Below are the entries. Print only the lines starting at the one with "學院領導為榮獲學生工作先進集" and ending at the one with "Для складання тримайте", exactly, with no pictures.

Available data:
--- START ---

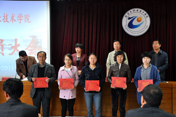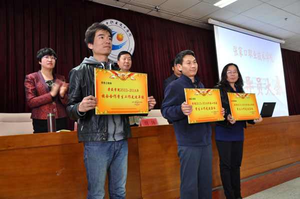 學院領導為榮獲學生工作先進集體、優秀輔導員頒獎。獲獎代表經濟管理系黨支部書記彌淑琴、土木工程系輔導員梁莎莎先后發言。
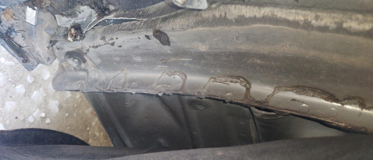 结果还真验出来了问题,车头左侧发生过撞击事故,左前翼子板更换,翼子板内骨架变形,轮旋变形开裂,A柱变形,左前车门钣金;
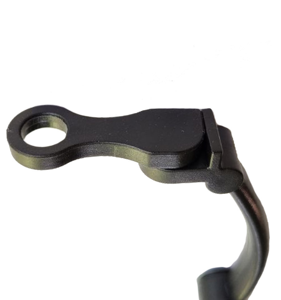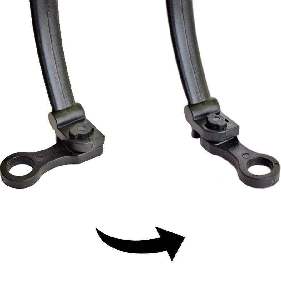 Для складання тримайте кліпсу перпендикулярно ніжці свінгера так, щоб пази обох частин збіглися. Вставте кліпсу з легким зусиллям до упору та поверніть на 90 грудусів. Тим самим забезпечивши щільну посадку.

--- END ---
--- START ---

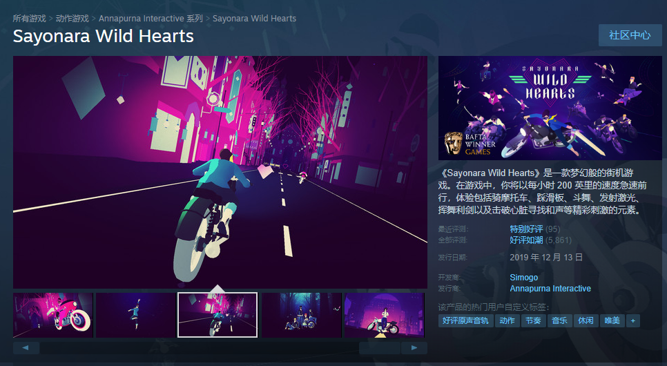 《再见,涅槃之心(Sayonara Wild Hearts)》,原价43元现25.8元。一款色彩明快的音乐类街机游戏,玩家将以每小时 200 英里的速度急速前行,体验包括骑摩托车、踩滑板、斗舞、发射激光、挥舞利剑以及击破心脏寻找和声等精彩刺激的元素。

--- END ---

Result of this exercise:
 學院領導為榮獲學生工作先進集體、優秀輔導員頒獎。獲獎代表經濟管理系黨支部書記彌淑琴、土木工程系輔導員梁莎莎先后發言。
 结果还真验出来了问题,车头左侧发生过撞击事故,左前翼子板更换,翼子板内骨架变形,轮旋变形开裂,A柱变形,左前车门钣金;
 Для складання тримайте кліпсу перпендикулярно ніжці свінгера так, щоб пази обох частин збіглися. Вставте кліпсу з легким зусиллям до упору та поверніть на 90 грудусів. Тим самим забезпечивши щільну посадку.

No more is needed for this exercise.